1) Message boards : ATLAS application : Download sometime between 20 and 50 kBps (Message 49358)
Posted 2 Feb 2024 by Toggleton
Post:
As we both have Telekom as ISPs. It could be a problem on that side with the ISP routing. I have no hybrid only VDSL 100/40mbit.

Not sure how the real cause of it can be found. So many moving parts that could be the cause. Will look into my logs if i find if such slow downloads give any hint of what is causing them.
2) Message boards : ATLAS application : Download sometime between 20 and 50 kBps (Message 49343)
Posted 1 Feb 2024 by Toggleton
Post:
I have the same slow download of some tasks on my machine(linux so not OS related likely) and VDSL too. Most downloads are fast but some take 3 hours cause of it. But so far no drop of the connection. The weird thing is that the task download with this low speed and at the same time the next task is downloading at full speed. So it is throttled per Workunit.

But i have a day full of workunits all the time so slow downloads are no problem for me. As we are both from Germany, maybe it is some aggressive throttling of the server that serves Germany
3) Message boards : ATLAS application : Zombie Thread after the Workunit is finished. (Message 49265)
Posted 25 Jan 2024 by Toggleton
Post:
Seems like the zombie Thread problem is gone on my device.
Somewhere around 22 Jan 2024, 16:58:50 UTC(time where the task was sent) and 24 Jan 2024, 17:28:26 UTC(where the task did run) was it fixed.
4) Message boards : ATLAS application : Zombie Thread after the Workunit is finished. (Message 49229)
Posted 22 Jan 2024 by Toggleton
Post:
I have the problem that Zombie Threads are still running after the Workunit has finished and the slot of the workunit is already deleted. It very likely started this weekend.

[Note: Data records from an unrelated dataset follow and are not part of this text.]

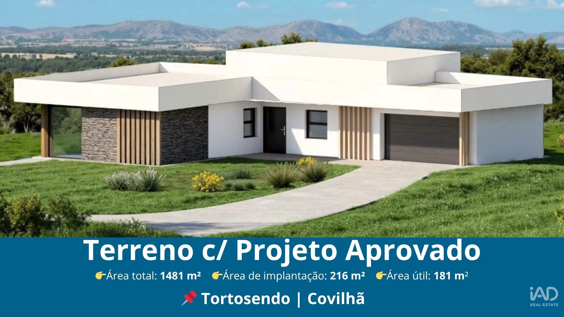 A moradia apresenta uma área de implantação de 216 m² e uma área útil de 181 m², distribuída de forma equilibrada entre as zonas sociais e privadas, garantindo conforto, funcionalidade e total aproveitamento do terreno.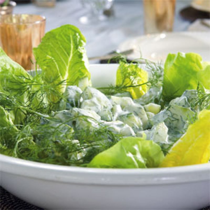 Cut the cucumbers in half lengthwise. With a spoon, scoop out the seeds and discard them. Slice the cucumber halves crosswise in 1/8-inch pieces. Place in a colander set over a bowl. Toss with salt. Let stand 15 minutes.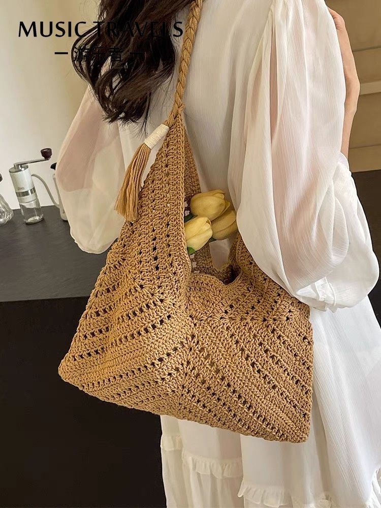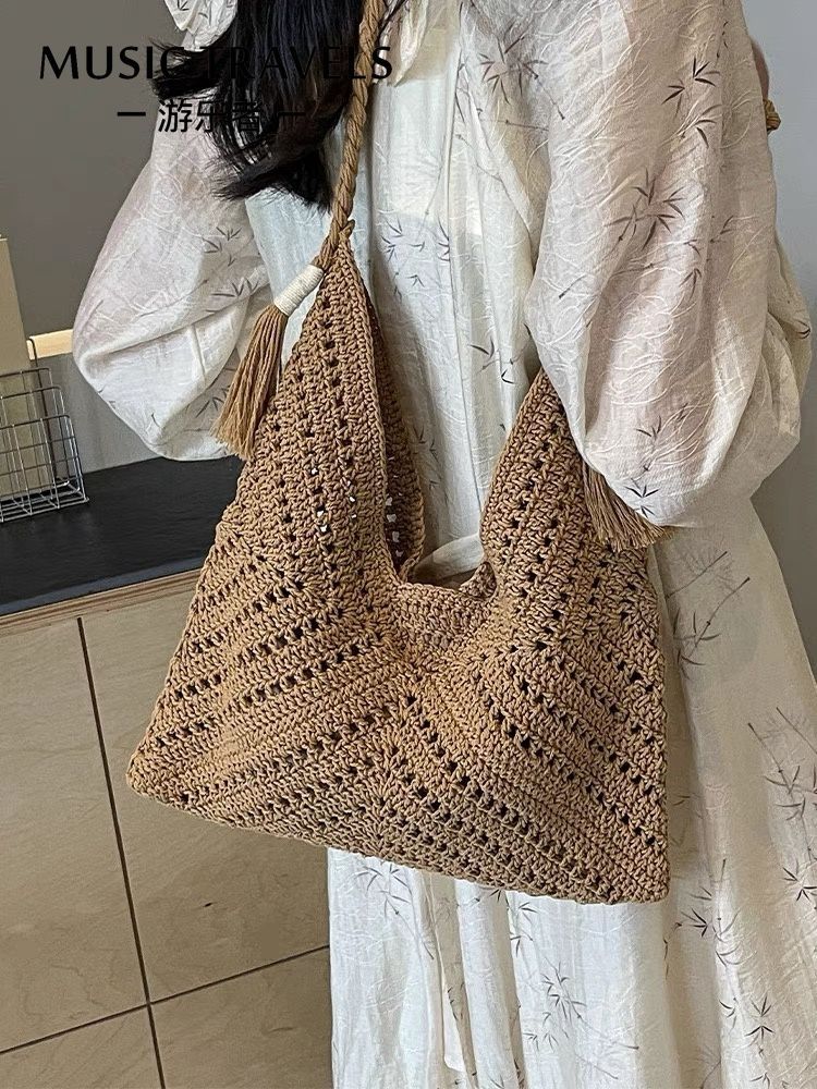 店长推荐精美草编包手工编织小众镂空三角包通勤单肩包海边度假包

In htop i see them as /bin/bash ./runpilot2-wrapper.sh -q BOINC_MCORE -j managed --pilot-user ATLAS --harvester-submit-mode PUSH -w generic --job-type managed --resource-type SCORE_HIMEM --pilotversion 3.7.0.36 -z -t --piloturl local --mute --container

They take ~40% cputime per workunit so it takes up quite some CPU time after a few hours and i need to restart boinc to get rid of them
They gets started around 6-8minutes after start of the Workunit. Before the python runargs.EVNTtoHITS.py starts to use the CPU.

Could this be something that is broken with the current batch(the last 2 days) or could it be something that is broken by an Arch linux update or caused by my currently unstable internet.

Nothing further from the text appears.